Experimental test of the Sydney Young equation for the presentation of distillation curves

The distillation (or boiling) curve of a complex fluid is a critically important indicator of the bulk behavior or response of the fluid. For this reason, the distillation curve, usually presented graphically as boiling temperature against volume fraction distilled, is often cited as a primary design and testing criterion for liquid fuels, lubricants and other important industrial fluids. Clearly, the boiling temperatures that is measured near ambient conditions during the course of a distillation curve determination depend upon the local atmospheric pressure. For this reason, the user community is accustomed to data presented with an adjustment of the temperatures to those that would be observed at a standard atmospheric pressure of 101.325 kPa, or standard atmospheric pressure of 1 atm. Typically, this is done with a simplified Sydney Young equation.
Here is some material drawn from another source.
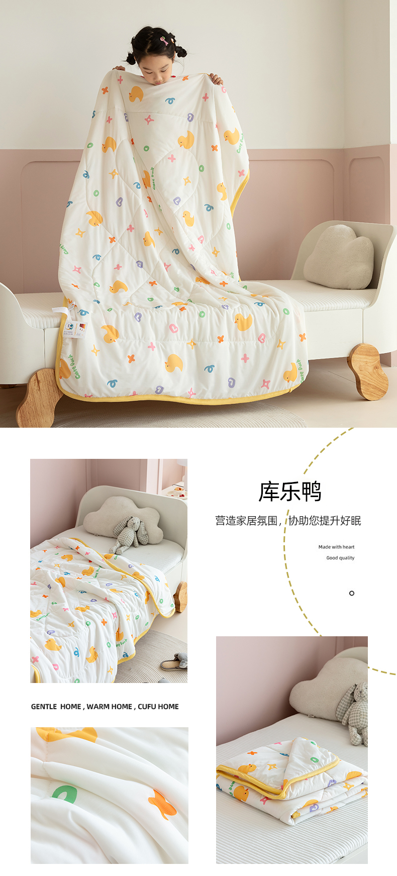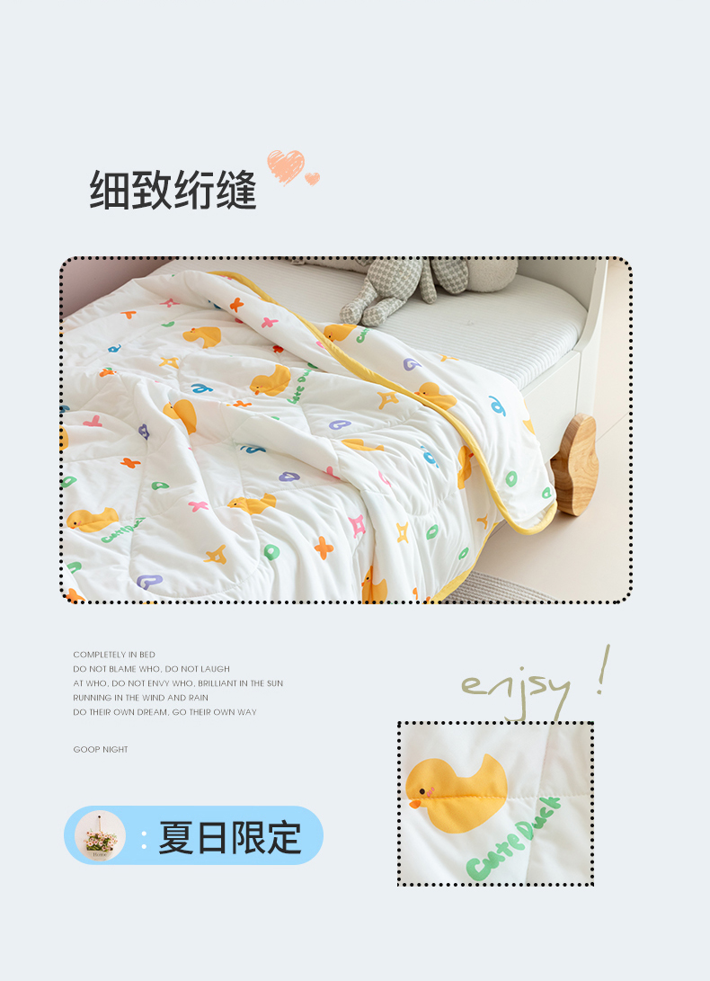 商品名称:艾佳宝贝 2025春夏新款A类凉感丝儿童糖果抗菌夏被 库乐鸭

This correction makes little difference to measurements done consistently in a particular laboratory, or when the atmospheric pressure varies little. The correction can be quite large when measurements are done in laboratories at different elevations, however. In this paper, we describe an evaluation of this correction. Specifically, we performed measurements of the distillation curve of a binary mixture of (n-decane + n-tetradecane) at three elevations (and, therefore three different values of atmospheric pressures, (70.06, 82.73, and 101.00) kPa). Comparisons are made between the raw and adjusted values, and recommendations are presented as to when the equation might be inadequate.